A year or so after Don Bosco’s death, Fr. Guanella wrote to Don Rua, Don Bosco’s successor: “I want to record my immense attachment to Don Bosco. Certainly, leaving him was like leaving home.” Looking back nostalgically upon the years spent at the Oratory, he spoke in these terms: “There I had the example of so many virtues, and the spiritual direction of Don Bosco who did so much to all. Don Bosco’s heart was like a magnet which drew all to himself. My eternal gratitude goes to Don Bosco and his work.”
Back in his diocese, Fr. Guanella was given the late Fr. Coppini’s enterprise and that was the beginning of his love affair with the handicapped brothers and sisters that lasted his whole life. About them, he wrote: “Freed from the oppression of a mental hospital structure, it is possible to restore dignity to these people, beginning by letting them live in a place where each one is, as it were, lord and master because the providence of the houses and the things that the Lord sends through benefactors are for the residents. We must, therefore, make these residents believe the truth, that they are in their own home and may live there in full confidence.”

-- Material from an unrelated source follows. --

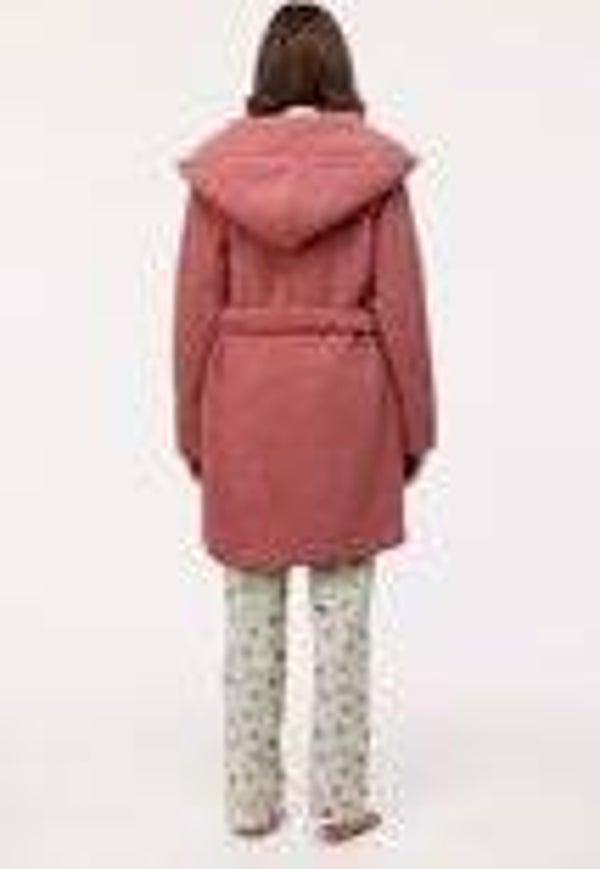 Oudroze badjas met kap in fleece materiaal voor meisjes, met kap, de sluiting is met een binder. Op het zakje staat een smiley.

THE CHAMPION OF DIVINE PROVIDENCE
“The Lord ordinarily wants everything here on earth to follow a natural course,” Fr. Guanella used to say. He believed that the help of Providence was merited by faith, prayer and work. Sometimes, however, the ordinary course of events gave way to the extraordinary. At one time, Fr. Guanella decided to rebuild the chapel. Patients, workers, and Fr. Guanella himself were working happily one day when he suddenly gave the order to halt and directed all the workers to leave the area. Within minutes, the scaffolding crashed to the ground without a single person being injured. On another occasion, the superior at one of the schools discovered that there was no food for dinner. When she told Fr. Guanella, he replied: “It is only 11:30; Providence still has half an hour to provide.” The Sister asked the students to pray, and at noon a cart delivered a sack of rice. No one knew where the cart had come from.

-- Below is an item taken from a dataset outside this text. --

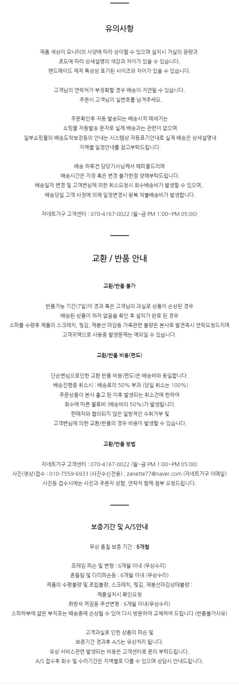 | 주요 소재 | PU가죽, 인조가죽, 애쉬원목, 마이크로화이바 외 | 제조자(수입자) | 주식회사 자네트가구 |
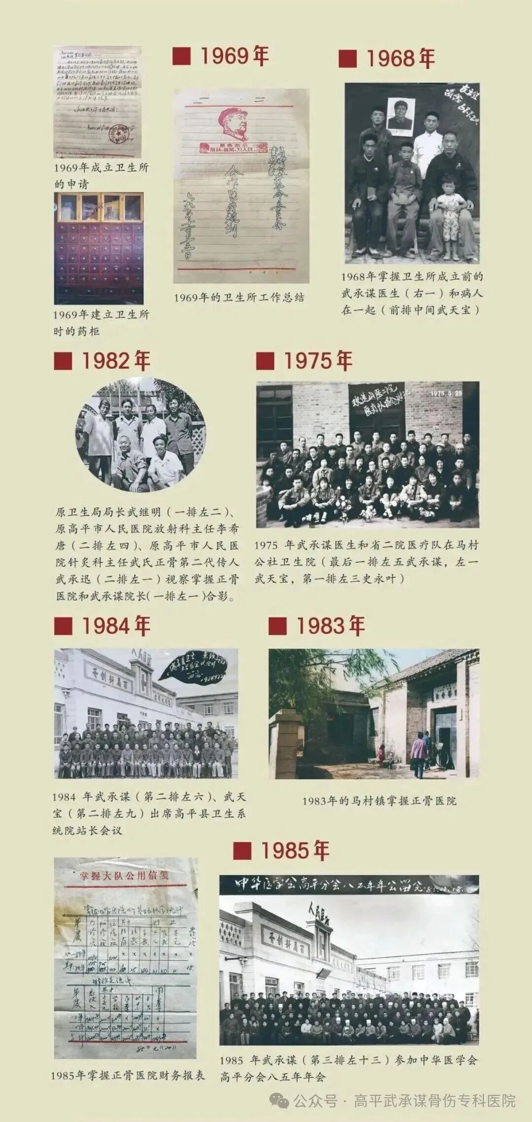 1957年,武根定去世,他的儿子武承谋继承祖传技艺,开启了武氏正骨的新发展阶段。1969年6月,武承谋在马村镇掌握村创立了“马村镇掌握村卫生所骨科”,开始了武氏正骨从乡村游医向固定诊疗的转变。1993年3月更名为“高平市武氏正骨医院”;1994年7月,第三代传人武天宝在高平市内开设“高平市武氏正骨医院友谊街分院”;2000年12月,医院更名为“高平市武承谋骨伤专科医院”。

Humorous incidents often arose from what some considered Fr. Guanella’s foolish charity. Once, when some of the Sisters tried to prevent him from giving away some money, he literally threw money out the window to a poor man standing outside. Another time, not having any money to give, he tossed out a pair of new shoes. A friend and contemporary of Pope Pius X, Fr. Guanella often appealed to him for help in his work. When the Pope asked him if all his responsibilities did not worry him a great deal, the priest replied: “I worry until midnight and from then on I let God worry. I even sleep too much. Sometimes when I am in the streetcar, I miss my stop because I fall asleep. Then, quietly, and well rested, I return without telling anyone so they will not make fun of me.”
“But if too many come seeking a home, where will you put them?” a priest asked him one day. “Just let them get in the door,” Fr. Aloysius answered, “and Providence will take care of them.” His confidence, as always, was vindicated. “Let us confide and hope in God,” was his maxim. “Let us avoid sin, then shortly God will work.” He, himself, lacked neither foresight nor human prudence, nevertheless, he could say with complete conviction: “One grain of confidence is worth more than one hundred grains of foresight and human prudence.”

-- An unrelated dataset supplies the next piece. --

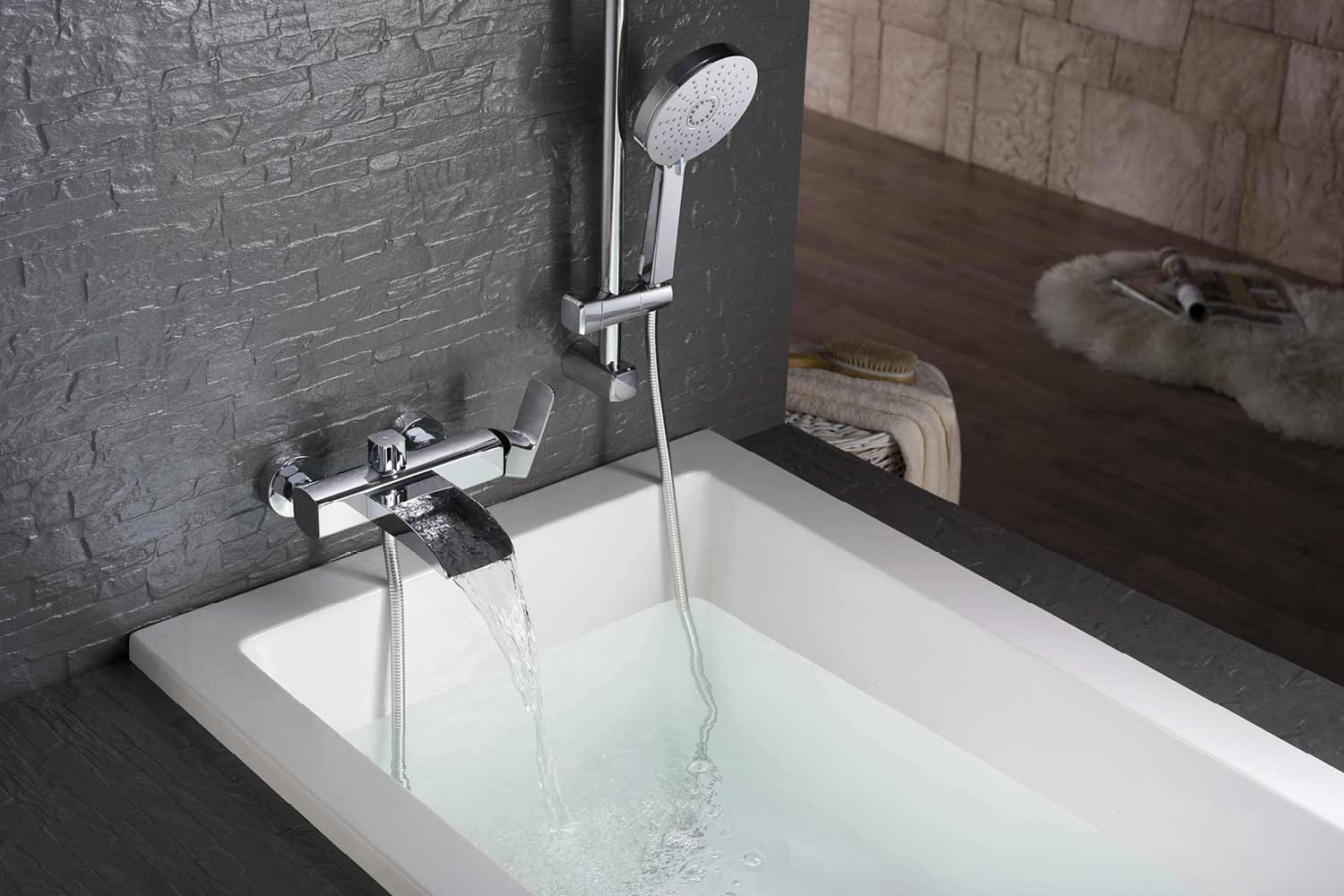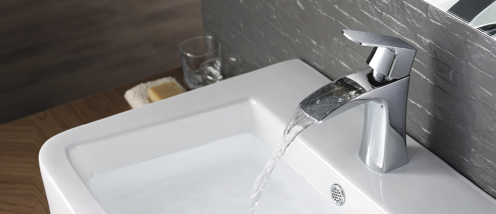 The CASCADE Collection is defined by its open waterfall spout, offering a natural and graceful water flow that enhances the experience in any bathroom.

Fr. Guanella did much to rescue the victims of the Italian earthquakes of 1905 and 1915. He assisted at the disaster sites and sheltered refugees in his homes all over Italy. During World War I, he was active in relief and aid and was presented with a gold medal for his outstanding work. Aloysius Guanella died on October 24, 1915. He was beatified by Pope Paul VI in 1964. Benedict XVI made him a saint last October 25.